On est samedi fin de journée, la finale a eu lieu dans l’après-midi et il ne faut pas être madame Irma pour deviner que ça ne s’est pas passé comme il le voulait. Est-ce qu’il est encore au pied du podium, quatrième, l’horrible place sans médaille ? Je vais chercher deux verres et une Vittel dans la cuisine (en réalité je tends le bras vers le coin cuisine), les remplis et en lui en tends un. Je m’attends au pire.

-C’est mon chien Momo, il mange mes chaussettes.

-C’est pas nouveau Jacky, tout l’immeuble est au courant, on ne laisse pas une porte ouverte sans craindre de le voir débouler pour nous mâchonner la socquette !

-Oui, mais maintenant il les vomit.

-Voilà une bonne nouvelle, avant il les faisait sur le trottoir, des montagnes de laine parfumées à la crotte !

-T’aurais pas autre chose à boire ? La Vittel, j’en ai fait le tour…

-Ben je croyais…

Gulp, je me retiens de dire … qu’avec ton entrainement, ta discipline de champion, l’alcool n’est pas une potion magique ! Je me lève, vais jusqu’à ma réserve secrète et rapporte une bière.

-C’est tout ce que je peux faire pour toi.

Il attrape la boite et la regarde incrédule.

-Ca s’ouvre avec les dents ?

-Tu tires sur le petit crochet là, très très doucement.

Mais aucun de ses doigts qui sont épais comme mes bras ne peut faire une opération aussi précise. J’attrape la canette et l’ouvre pour lui. Elle me gicle au visage, ce qui a pour effet de le mettre au bord des larmes. Me voilà couvert de bière, encore moulu d’avoir été jeté comme une vieille chaussette. Pourvu que Momo n’entre pas. Je croyais qu’il riait mais les larmes de Jacky sont des vraies larmes et je ne vois plus qu’une solution : le faire parler avant qu’il ne s’effondre complètement, lui et ses cent cinquante kilos compacts de muscles intransportables.

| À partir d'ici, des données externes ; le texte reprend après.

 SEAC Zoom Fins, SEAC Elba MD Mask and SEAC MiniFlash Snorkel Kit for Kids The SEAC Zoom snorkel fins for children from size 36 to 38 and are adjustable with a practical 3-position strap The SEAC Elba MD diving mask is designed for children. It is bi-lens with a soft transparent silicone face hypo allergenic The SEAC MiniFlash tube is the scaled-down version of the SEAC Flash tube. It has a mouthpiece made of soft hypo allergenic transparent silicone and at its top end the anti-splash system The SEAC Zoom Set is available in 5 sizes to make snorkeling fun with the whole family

-Allez, vas-y, dis-moi, raconte. Pourquoi ça n’a pas marché, cette fois ? Tu es encore quatrième ? Les deux tricheurs sont toujours là ?

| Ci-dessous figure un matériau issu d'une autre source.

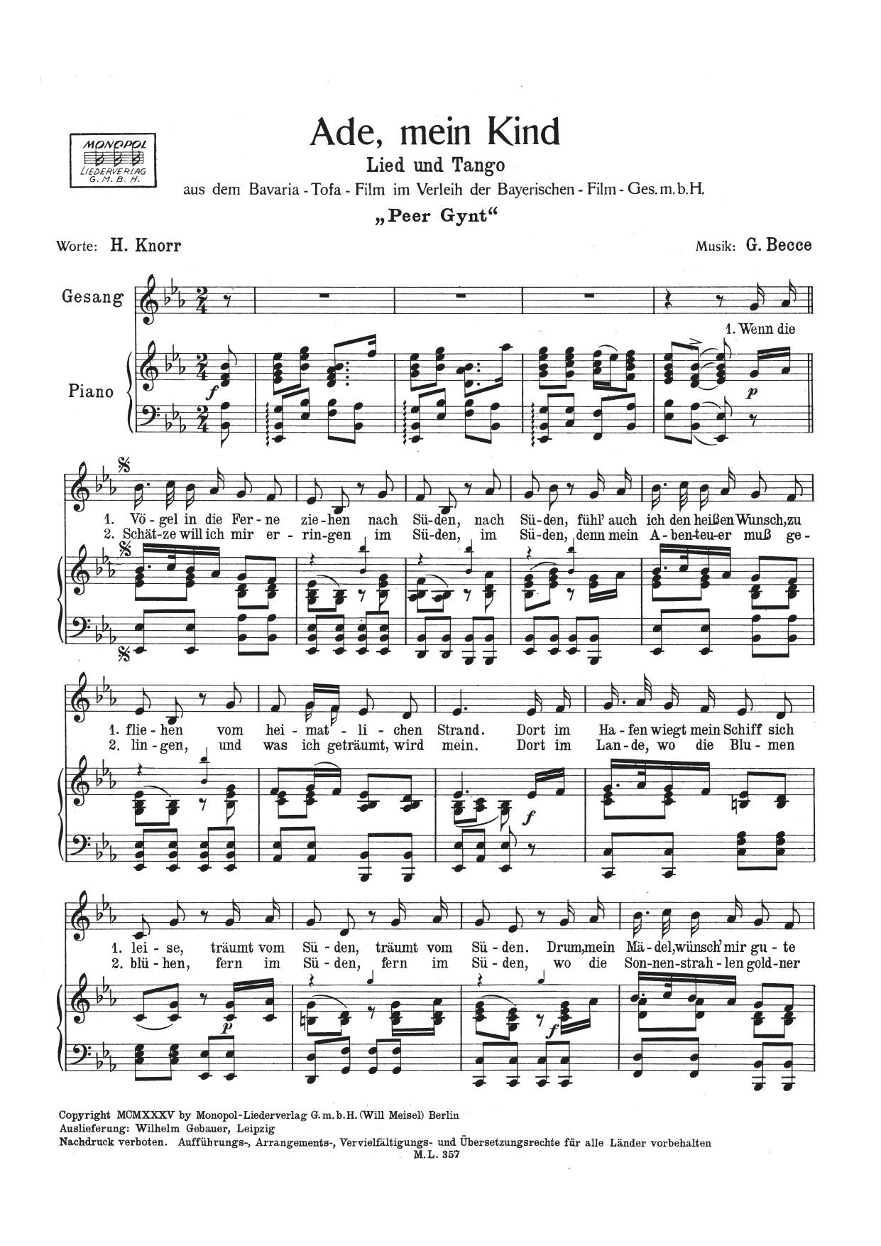 Ade, mein Kind

Il verse délicatement la bière dans le verre à moitié plein de Vittel en regardant le mélange d’un air désespéré.

-Je ne suis même pas classé ! Il y a un barrage, on garde les dix meilleurs, puis les cinq qui s’affrontent. Je n’ai même pas passé le premier barrage.

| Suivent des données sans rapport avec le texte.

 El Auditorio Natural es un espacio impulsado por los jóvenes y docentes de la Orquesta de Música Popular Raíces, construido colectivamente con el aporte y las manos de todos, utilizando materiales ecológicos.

-C’était quoi le problème ? Une mauvaise préparation ?

-J’étais parfait, totalement au point. Une heure avant, j’ai fait les séries de rapides qui font bien saillir les muscles, vraiment j’étais parfait, Schwarzenegger dans ses meilleurs jours.

-… ?

-Il me restait une heure avant le barrage. Ca allait être sans problème… un jeu d’enfant.

-Tu as le sens du suspens, en tout cas.

-J’ai décidé de faire un petit tour dans le bois de Vincennes, à côté de la salle, une petite promenade pour respirer, me détendre, trouver le bon rythme. J’étais bien, en paix avec mon corps, c’est important la paix avant l’épreuve. Et je suis rentré pour m’enduire d’huile et d’onguent, comme on fait, chaque muscle apparait parfaitement dessiné par chaque mouvement, sous la lumière latérale des projecteurs.

-Et alors ? et alors ? dis-je comme dans la chanson de Henri Salvador…

– Je me suis rendu compte que je venais de me faire piquer par une araignée ou un moustique, je ne sais pas : j’avais une grosse boule rouge juste sur le biceps, bien au milieu. Je ne me suis même pas présenté, j’aurai été ridicule.